Recently through the excellent SAGE-AU (www.sage-au.org.au) I read about Crashplan. Produced by Code42 and found here: http://www.code42.com/crashplan/ there were lots of positive comments about it. I've since deployed it in two separate locations - in the office and at home. I'm using the free implementation at the moment, which allows you a backup each day to a variety of places. They include a 30 day trial of their cloud backup solution - which is quite cheap for a home implementation - $165 / year for 2 - 10 computers. Check out the full pricing - but see what you can do with the free version:-

At the office we have a straight Microsoft Windows based environment - Windows 7, Server 2008 R2 and a wee Windows 8 here and there. I've set up a Crashplan account using a single email address and installed it on almost all our machines. I have a Windows 2012 Server running in our virtual environment and I'm using it as the base for all the backups to go to. I added a 2TB virtual disk to it, configured Crashplan and started pointing machines back to it. It's working brilliantly! As they say though, backups are optional - restores are mandatory. Since implementation I've had to run three separate restores, from all sorts of weird files to basic word documents and it's run flawlessly!

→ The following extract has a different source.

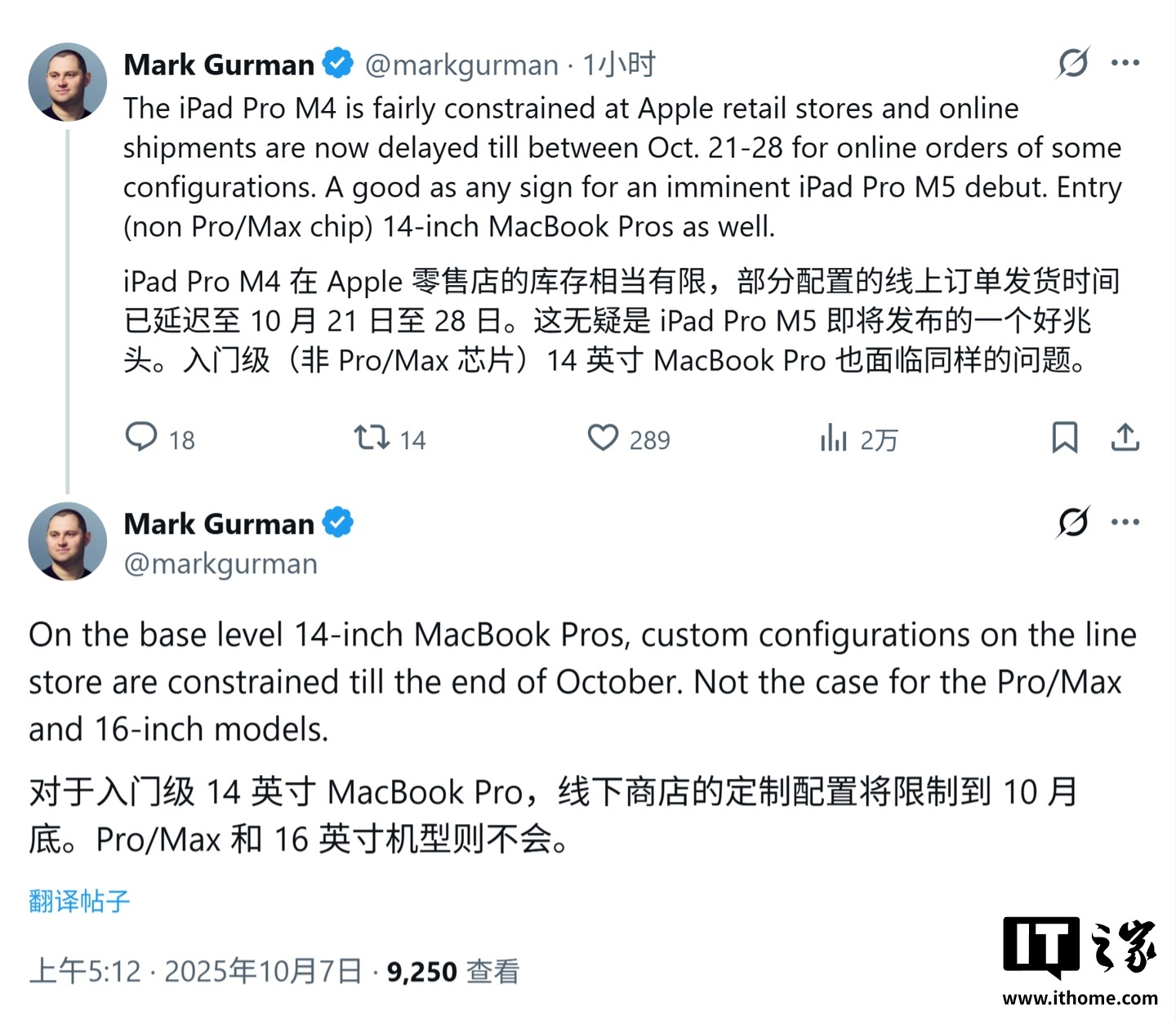 与此同时,M4 MacBook Pro 产品线也出现了类似迹象,虽然 Pro / Max 和 16 英寸型号供应充足,但基础款 14 英寸型号的定制配置订单已积压,发货时间被推迟至十月底。

At home I've been messing with it too. I've installed it on my Linux Mint desktop which runs all the time, and has an NFS share back to my FreeNAS. I've set up Crashplan to use that location for backups and I have the wife's Windows 7 laptop, my MacBook Air and my Windows 8 PC all backing up to that location now. Totally cool! Crashplan has installed and worked on all the machines without any issues, complications or anything. It's excellent!

Emails are sent from Crashplan to notify you if machines are backing up properly or haven't backed up for a given amount of time and this is very handy. Our offsite techs are frequently away for days and as soon as they get back, their laptops start automatically backing up. It's the easiest implementation I've found so far.